This is a guest post by Kailyn Price and Jacob Zionts. It discusses their thinking on some of the ethical dilemmas faced by organ transplant committees through the lens of The God Committee.
(Note: this post contains spoilers)
It is 2021 and Dr. Jordan Taylor (played by Julia Stiles) sighs relievedly as she sees the genetically modified pig heart that she has just transplanted into the chest of a baboon beat and come back to life. The apparently successful operation serves as the climax to Austin Stark’s The God Committee, a fast-paced medical drama that grapples with the ethics of transplant committees, xenotransplantation (cross-species transplantation), and benefit calculations.
Despite the achievement, the scene is haunted by Dr. Taylor and her transplant committee’s decision a decade earlier to accept a bribe from a suspiciously wealthy man whose adult son desperately needed a heart. Prior to learning of the twenty- something’s condition and prospect of a bribe, the committee had been coalescing around a decision between two other candidates: 1) a middle-aged Black man who struggled with bipolar disorder but is also a loving father of three daughters, and 2) a curmudgeonly 70-year-old white woman who demeans her nurses, has little extant family, and seems ambivalent about receiving the heart. The bribe required the committee to ignore the son’s typically disqualifying drug use and deprioritize the other candidates but, ultimately, funded the research that culminated in the pig-to-baboon heart transplant and enabled the hospital to care for more patients.

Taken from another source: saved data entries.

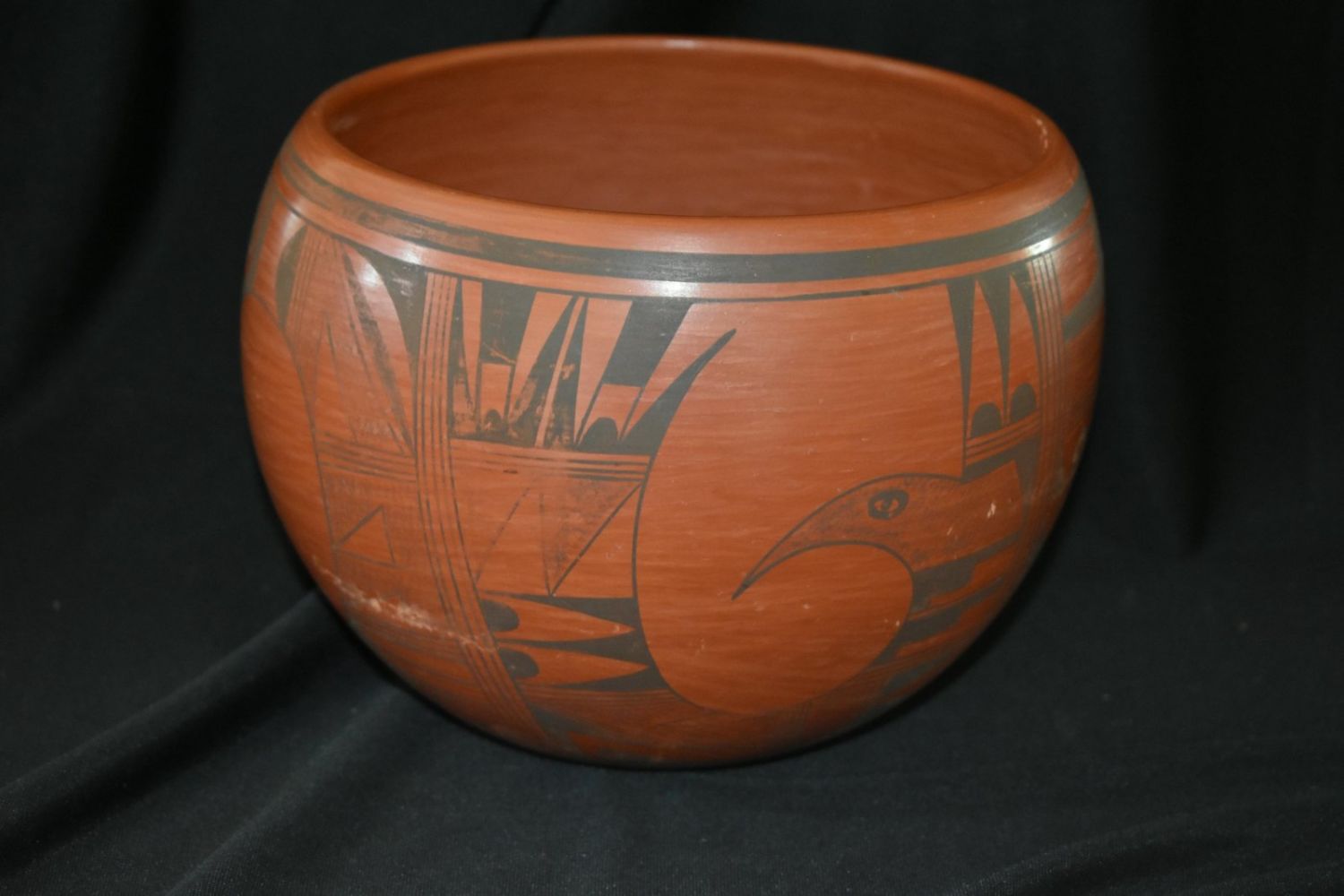 large, red Maricopa pot by Stella Huma, with eagle
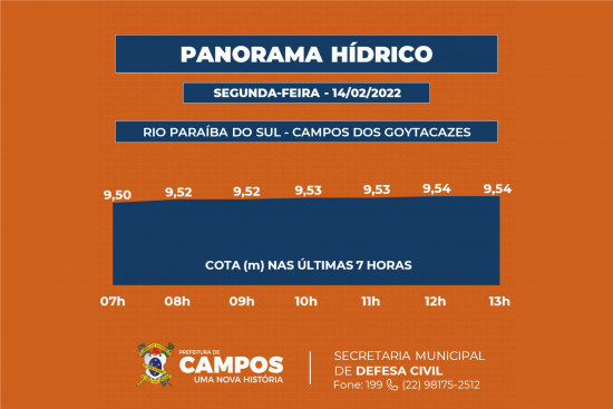 Às 13h, última medição, o rio atingiu a cota de 9,54 metros, 4 centímetros a mais que os 9,50 registrados às 7h
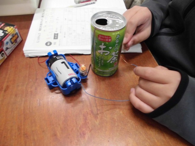 理科「電気で明かりをつけよう」では、豆電球とかん電池をどう線でつないで明かりをつける実験やどんなものが電気を通すのかを調べる実験をしました。「10円玉は明かりがついた。」や「空きかんは色をけずると明かりがついたよ。」など、電気が通るのか色々なものを夢中で調べていました。
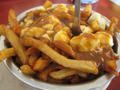 Bei einer Poutine handelt es sich um eine reichliche Portion Pommes, getränkt in schöner dicker brauner Soße und überbacken mit nahrhaftem Käse. Der Vitamingehalt dürfte im negativen Bereich liegen.
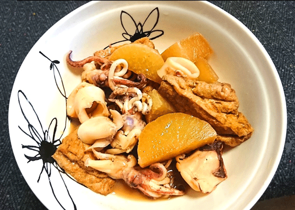 今夜のもう一品は、イカと大根と厚アゲの煮物。イカをいかに柔らかく
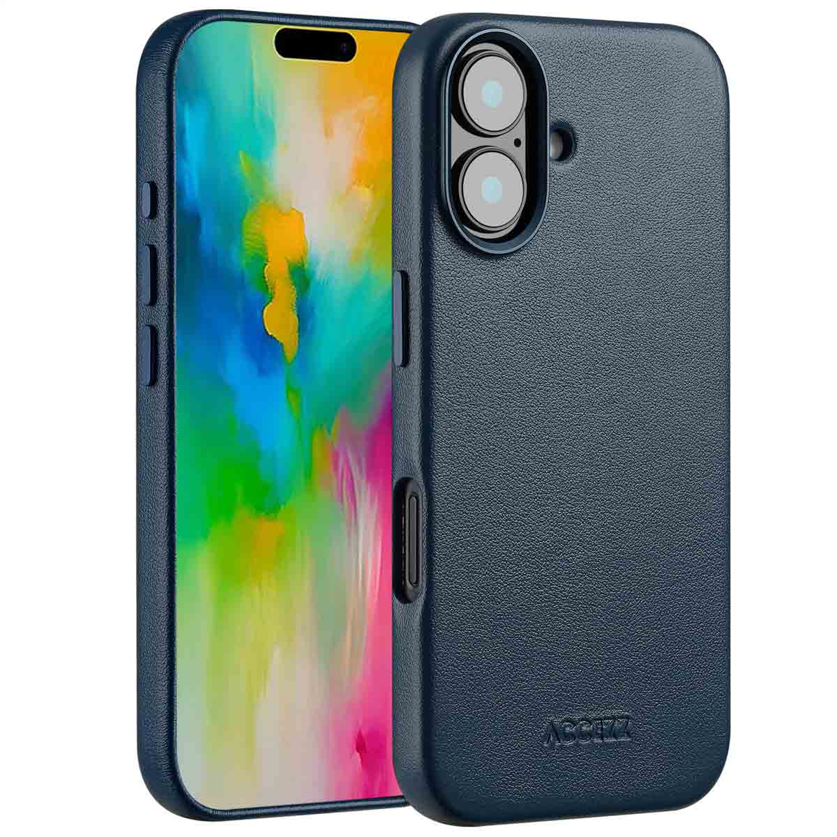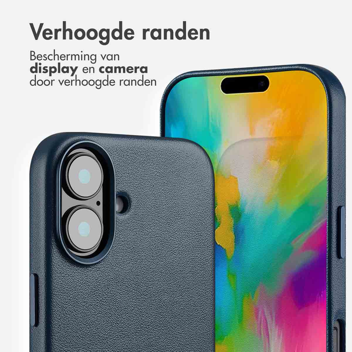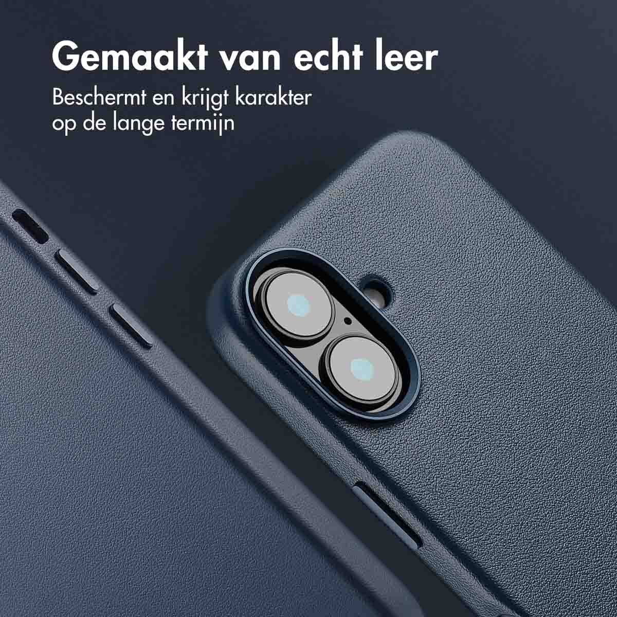 Accezz MagSafe Leather Backcover, Apple, Apple iPhone 16, Donkerblauw
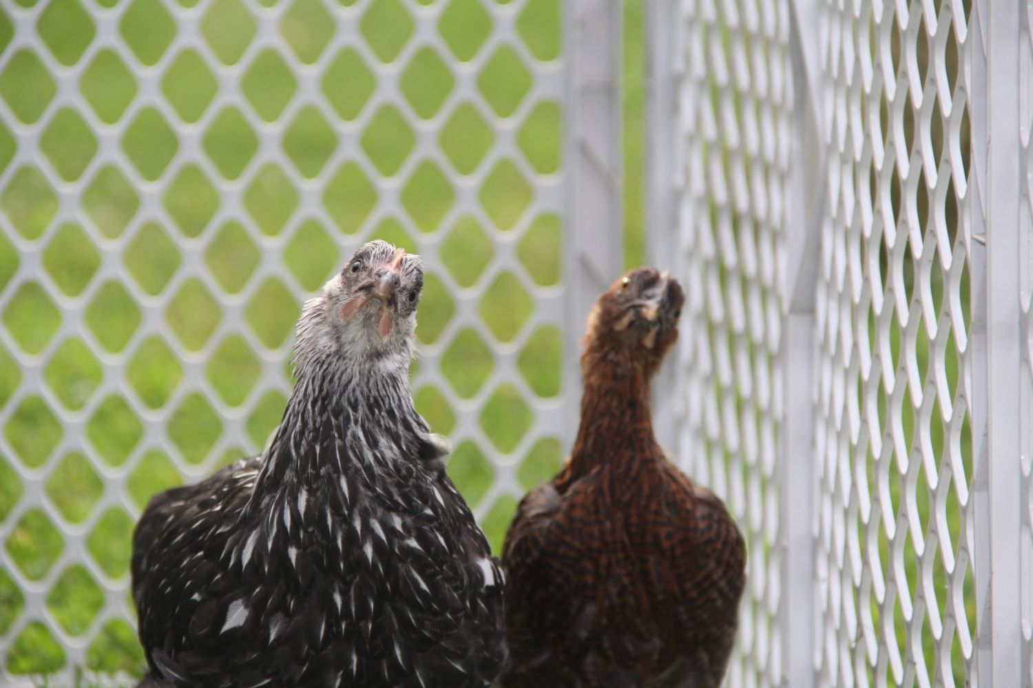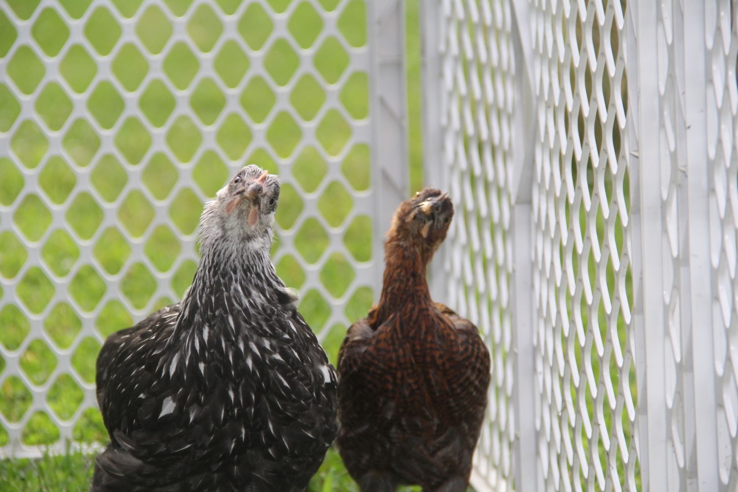 My Silver Laced Wyandotte Chick, Fern (8 weeks) & Partridge Rock chick Honey (7 weeks) seem to be looking more grown up every day.
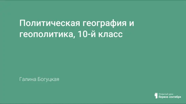 В учебнике В.П.Максаковского "География", 10-й класс мало уделяется времени изучению темы "Политическая география и геополитика", поэтому предлагаю провести отдельный урок по этой теме для понимания учениками 10-го класса такого сложного материала, как геополитика. В начале урока можно спросить у учащихся: "Может ли кто объяснить, что такое политическая география и геополитика?" Как правило, ученики средних общеобразовательных школ затрудняются дать ответ на поставленный вопрос. К концу же урока у них сформировывается данное понятие и они могут аргументировать свой ответ.
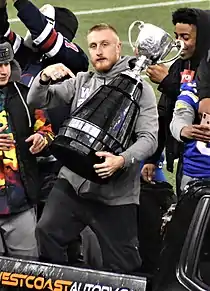 ![]() Hallett at Winnipeg's 2021 Grey Cup celebration. | |
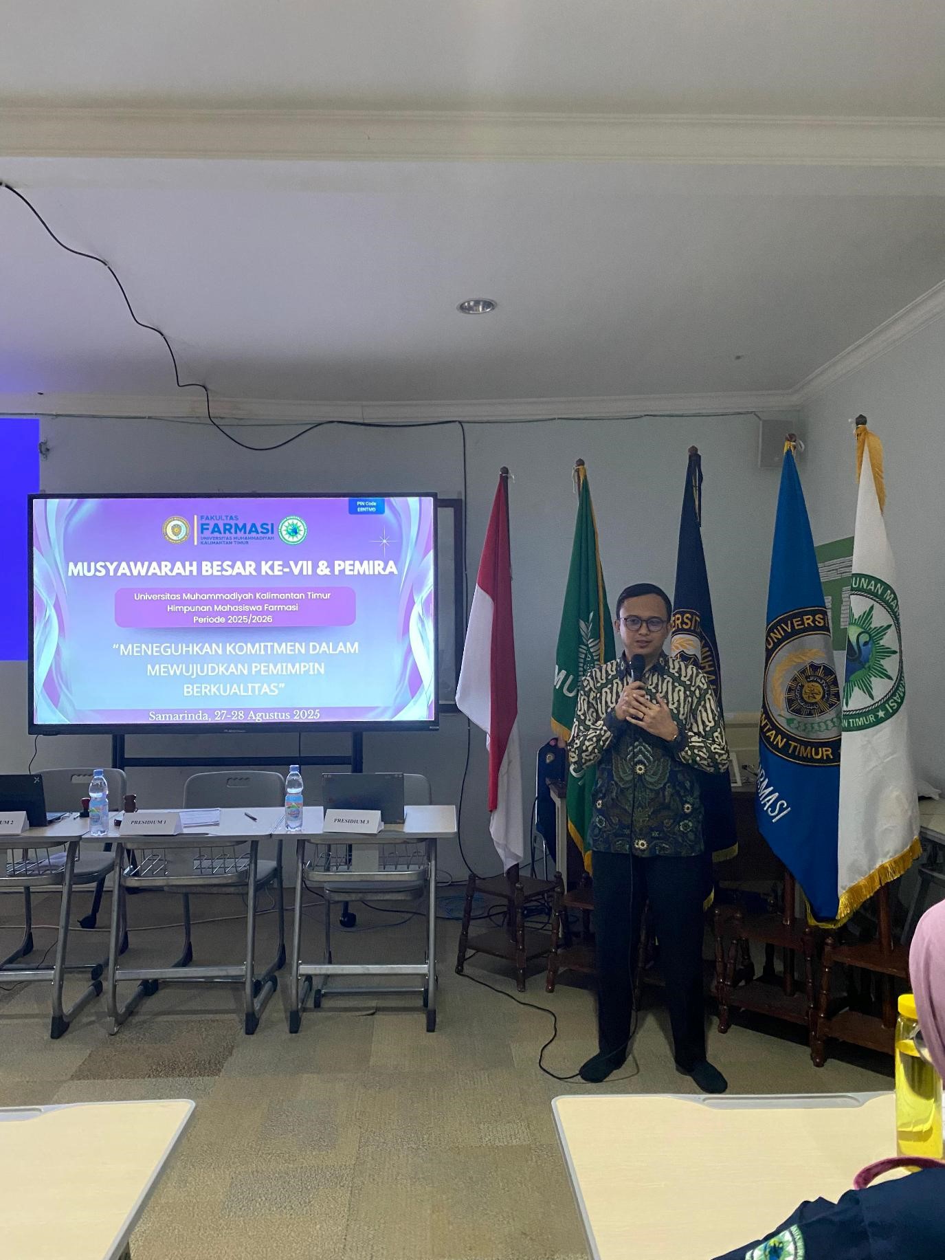 SAMARINDA- Mengakhiri masa jabatan kabinet, Himpunan Mahasiswa Farmasi (HIMAFAR) UMKT selenggarakan Musyawarah Besar (MUBES) ke-7 pada hari Rabu, tanggal 27 Agustus 2025, bertempat di Gedung A, lantai 2, ruang 2.05, Universitas Muhammadiyah Kalimantan Timur. Kegiatan ini mengusung tema “Meneguhkan Komitmen dalam Mewujudkan Pemimpin Berkualitas”, serta dihadiri oleh pembina dan para pengurus kabinet HIMAFAR UMKT Periode 2024-2025.
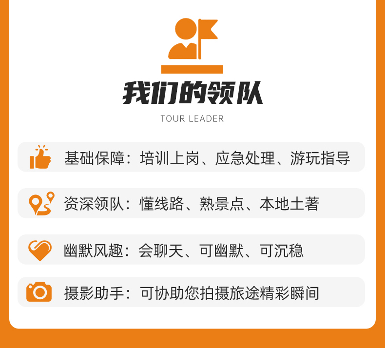 ● 活动介绍页展示的导游领队,可能并非最终实际带队领队,本公司有权根据活动安排等实际情况进行调整,游客报名即表示知晓并理解本情况。
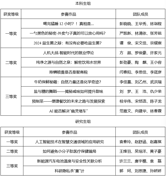 在数字化和智能化时代背景下,大学生需要具备信息获取、分析与应用的综合能力,以应对新时代的机遇与挑战。本次大赛特别注重融入人工智能素养的培养,通过赛题设置的优化、指导方式的创新和AI工具的灵活应用,全面提升了参赛学生对AI技术的理解与实践能力。我校学子在赛事中不仅展示了信息素养与AI素养的综合实力,更彰显了他们理性应对数字化挑战、引领新时代创新发展的担当与潜力。
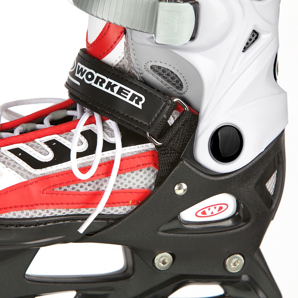 Patine WORKER Nolan 2 in 1- Rosu cu lame din otel certificat care se pot inlocuii cu patine in linie amandoua find pe o sina de aluminiu. Datorita sistemului patentat de ajustare rapida a marimii Patinele WORKER Nolan 2 in 1- Rosu sunt una dintre cele mai versatile patine 2in1. Gheata interioara are sistem Comfort Fit. Tehnologia Safety Ankle tine ferm glezna in pozitia corecta. Usor de incaltat, sireturile si cataremele duble cu MicroLock asigura o utilizare confortabila a acestor patine. Un alt avantaj important este frana detasabila pe patina dreapta si rulmentii de calitate ABEC 5.
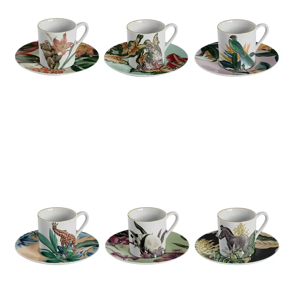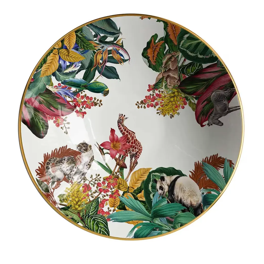 A jungle: an effective rhetorical figure to evoke the marvelous and inextricable chaos of the interweaving of leaves, roots, trunks, and lianas in equatorial forests. The border of this Collection, too, is overrun with dense and colorful vegetation, from which four majestic rulers of those exotic and unexplored places cautiously peek out.
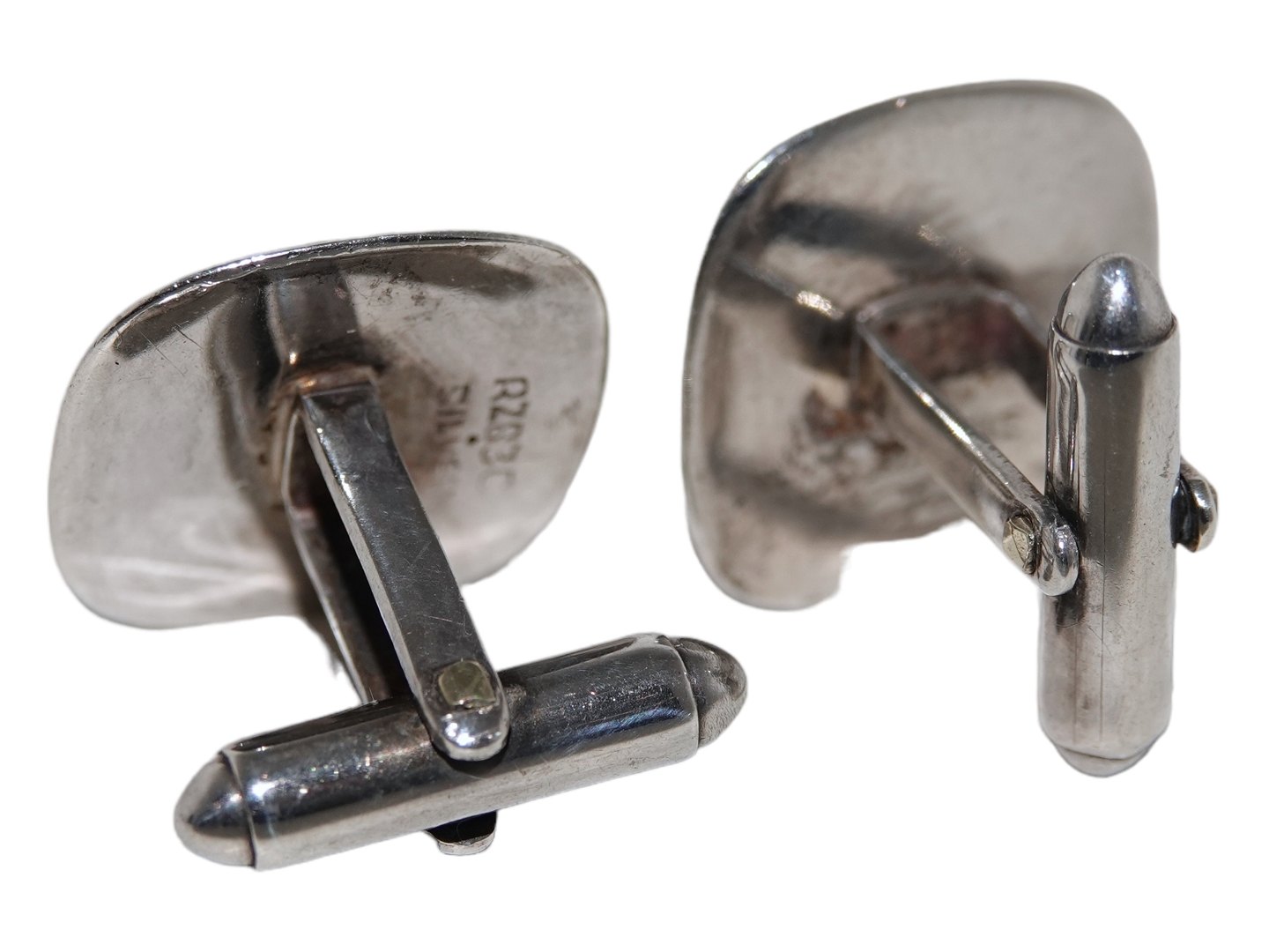 Par manchetknapper i sølv med sort dekoration. Stemplet "RZ 830 SILVER". Selve manchetten måler 2,0 cm. x 2,0 cm. Velholdt stand.

The God Committee wants its audience to walk away thinking that the ends justified the means—that the hard-nosed consequentialism of the committee and their willingness to shoo aside the more deontological and virtue-oriented constraints of standard bioethics were necessary to secure the greater good. But we don’t think that’s the right message to take home. In this post, we will explicate and reject both of the committee’s reasons for accepting the bribe: (1) saving the hospital and (2) securing xenotransplantation funding. In the end, we argue that (1) accepting the bribe undermines the committee’s ability to act in the best interest of the hospital’s patients; and (2) the film’s narrow focus on xenotransplantation occludes the upstream causes of heart failure that are imminently targetable with status quo technologies and, critically, have the upshot of positively interacting with the demands of racial, environmental, and animal justice.